Our "campuses" are anything but winding brick pathways and bosky dells crowned by an ivy-clad 19th-century Old Main. More often than not we labor in undistinguished collections of World War II "temporary" structures, or Vietnam and Reagan-era office blocks, usually too hot or too cold. (Most posts are heated and cooled from a central location and the systems rarely work well. The army has yet to discover the thermostat.) The army's favorite indoor sport is reorganization, and rare indeed is the army historian who does not find himself pitched out of his office after a year or so and into another, and with little or nothing to say in the matter. ("Gotta move you outta here, doc, motor pool headquarters needs the space.") On the other hand, older bases like Forts Leavenworth and Monroe are architectural gems with Henry Aldrich-type neighborhoods of large brick "quarters" on streets lined with giant shade trees. And if we cannot point out the office of a Pulitzer-winning historian, we can pass everything from the onetime quarters of Robert E. Lee, a World War II Sherman tank on a plinth, or the site where a too low "Flying Boxcar" slammed into a crowded mess hall in the early 1950s.

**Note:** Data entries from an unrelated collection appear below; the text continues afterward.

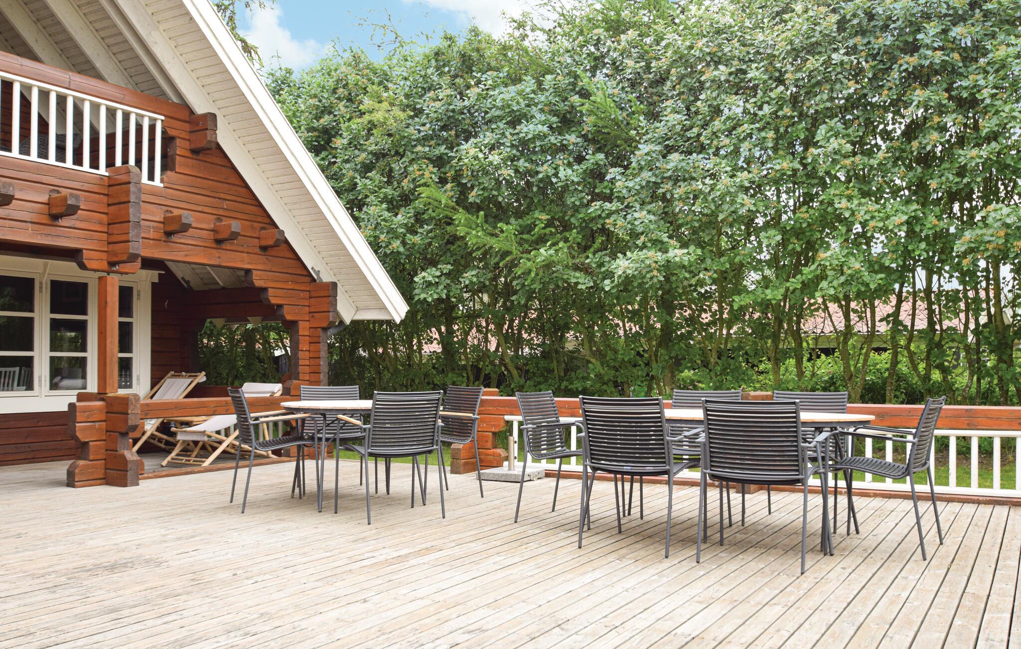 Eksklusiv finsk bjælkehytte med sauna og to balkoner nær Langelands Golfklub og kystens fiskemuligheder.
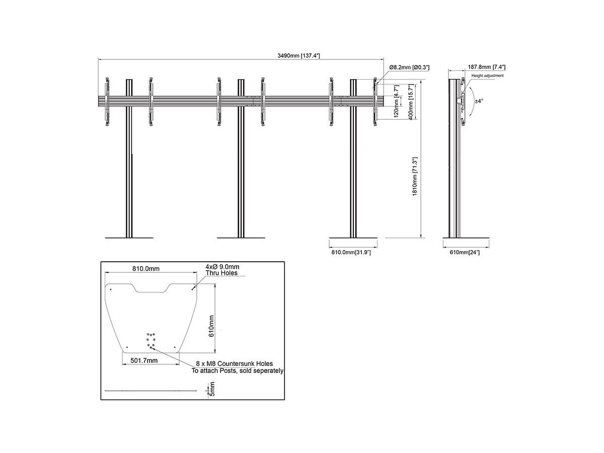 The Multibrackets Pro Series Video Wall Stands are suitable if you are after a videowall in a freestanding environment. As this is the Multibrackets Pro Series it’s all modular and could be rebuilt for any updated purpose after time. This video wall floor stand kit is suitable for screens up to 65” displays with a maximum weight of 30kg per display. The Pro Series modular system is quick and easy to install. Micro adjustable Fine Tune adjustment VESA brackets and interface plates helps you create a perfect video wall. With the fine tune functionality, you can easily align any screen on the X, Y and Z axis. Even after installation. All displays remain easily accessible for maintenance purpose.
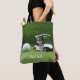 Golf cart and golf ball on green grass Golfer Tote Bag
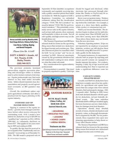 The provision promotes farmlandpreservation, supports succession planning and encourages sellers to transferland to active farmers instead of developers. Equine professionals may find morechances to buy land under favorableterms. Sellers should maintain clear documentation and properly record agricultural covenants, as IRS guidance mayevolve.Overall, the installment option supports agricultural continuity and offers apractical tool for legacy planning in theequine industry.overtime anD tip income DeDuctions Tipping is common in the equine industry – grooms, barn managers and freelance farriers often receive extra pay foroutstanding work. H.R. 1 creates a newfederal tax deduction of up to $25,000 for“qualified tips” reported on W-2, 1099-K,1099-NEC or voluntarily disclosed onForm 4317. This applies to tax years starting in 2025 and ending in 2028.To qualify, the tips must be received inan occupation that “traditionally and customarily” received tips as of December 31,2024. The IRS issued a proposed rule onSeptember 22 that identifies occupationscustomarily and regularly receiving tips,with a public comment period that endedon October 22. With the support of AHC’sRegulatory Committee, we submittedcomments asking that the classificationcategory “TTOC 506: Pet Caretakers” instead be labeled “TTOC 506: Pet and Livestock Caretakers.” This potentially coversmany service roles in the equine industry,such as barn staff, grooms, show assistantsand hospitality workers at events. Not allroles qualify, and high earners may see thebenefit phase out.The Treasury Department and IRS havereleased draft tax forms for the upcomingfiling season that include new deductionsfor tipped income and overtime pay. Theyalso announced plans for transition relieffor both “no tax on tips” and “no tax onovertime” in 2025. However, uncertaintycaused by the government shutdown hasleft stakeholders waiting for more detailson what that relief will entail.Key considerations for equine industryprofessionals:Documentation is essential. Tips mustbe properly reported to qualify. Cash tipsshould be logged and disclosed, whileelectronic tips processed through platforms like Venmo or PayPal may be reported via 1099-K or 1099-NEC.Know your occupation status. Workersmust be in a role that customarily receivedtips before the cutoff date. For example, agroom at a show barn likely qualifies,while a jockey or veterinarian may not.Watch your income thresholds. The deduction begins to phase out for individuals earning more than $150,000 and forjoint filers earning more than $300,000.Those above these limits may not benefitfrom the new provision.Voluntary reporting matters. If tips arenot reported by an employer or paymentplatform, workers can still disclose themvoluntarily using IRS Form 4317 to potentially qualify for the deduction.For equine businesses, it’s important toeducate staff on proper tip reporting andensure payroll systems are equipped tohandle separate tip entries. For workers,keeping a daily log of tips received andunderstanding how they’re reported canmake a significant difference come taxtime.casualty losses, Disaster relieF Casualty and theft loss deductions havelong been a complex area of tax law, particularly for agricultural and equine businesses that face unique risks from naturaldisasters, theft and property damage. H.R.1 expands relief. Starting in 2026, lossesfrom state-declared disasters will also qualify for deductions, not just federally declared events. The same reductionthresholds ($100 or $500 per incident) apply,but more businesses can now claim deductions for damages from local disasters.Operations should keep detailedrecords of losses, disaster declarations andproperty values, as thorough documentation is required by the IRS. For tax professionals, these expanded rules open newplanning opportunities to help clients recover when disaster strikes.The Treasury Department and IRS havereleased draft tax forms for the upcomingfiling season that include new deductionsfor tipped income and overtime pay.56 Arizona Horse Connection February, 2026Horses available sired by Metallics MVP, Dont Stopp Believin, Hickory Holly Time.Cow Horse, Cutting, Ropingand Barrel ProspectsPlease Give Us A Call!DUSTY A RANCH • Amado, AZB.K. Thwaits, D.V.M. Shelby Thwaits (520) 940-3573SANTORI RANCH• BOARDING • IRRIGATED PASTURES• LESSONS • HORSE CAMPS• ARENA RENTALTrainers on SiteSpecializing in lessons for all ages and abilities.Beginner to the show ring! Seasonedschool horses and leases available.955 W. Road 2 North Chino Valley, AZ(928) 848-3659 Santori-Ranch.comcontinued on page 58

Although our archives are often quite extensive in our fields, we have nothing to match the research facilities of practically any university library. And our classes are basically one-off affairs, so we cannot track student progress. Many, perhaps a majority, of our hours are spent in responding to what the Army barbarously terms "taskers": "Give us a bibliography of Special Operations—by next week." "How many Special Forces troopers served in Vietnam?" "How effective was the Superman mine-awareness comic book in Bosnia?" Then there are the civilian researchers who want us to do their research for them. "What 'Green Beret' units served in Vietnam?" "How many psychological operations leaflets did we distribute in Haiti?" "How many military government personnel were on duty in Austria in 1948?"

Then I have "My Green Beret father got a Congressional Medal of Honor, but it was awarded secretly, so I'd like to get a copy of his award." (For the record, there are in truth secret awards and medals, but the Medal of Honor is not one of them, and "green berets" are a type of headgear favored by Girl Scouts, not a military specialty.) My office was recently virtually shut down for three days while we combed through records, open and classified, to find any evidence that U.S. Army Special Forces gassed U.S. defectors in Vietnam. While it is impossible to prove a negative, I could report in good faith that there was no evidence in our archives to support such an outlandish allegation. However, most questions are genuine inquiries from serious, academic researchers.

Public historians may sometimes feel like the Rodney Dangerfields of the profession ("don't get no respect"). While it is a source of some pride to be the professional historian for, say, the Artillery Center and School, there is the feeling among many academics that such historians are little more than "hired guns" (no pun intended), who basically write and teach what they are told. Now it is true that a historian who believes that the American military basically consists of a gaggle of cement-headed Neanderthal fascists is unlikely to apply for a job as an army historian in the first place. Conversely, anyone simple enough to look upon the military as the spotless repository of all that is good and true in America will also not get far beyond the first interview. Army historians, of course, can point out that there are prevailing trends and fashions that academic historians up for tenure violate at their professional peril.

In recent years, public history has been called upon to help ameliorate in some modest way the vast disparity between the few full-time history jobs and the glut of history PhDs looking for such positions. Perhaps the most gratifying aspect of the Army's history program is that it does occasionally offer positions for PhD historians, and all are full-time, "tenure-track" jobs at that.


Stanley Sandler received his PhD from the University of London and held (1999–2000) the Conquest Chair in History at the Virginia Military Institute.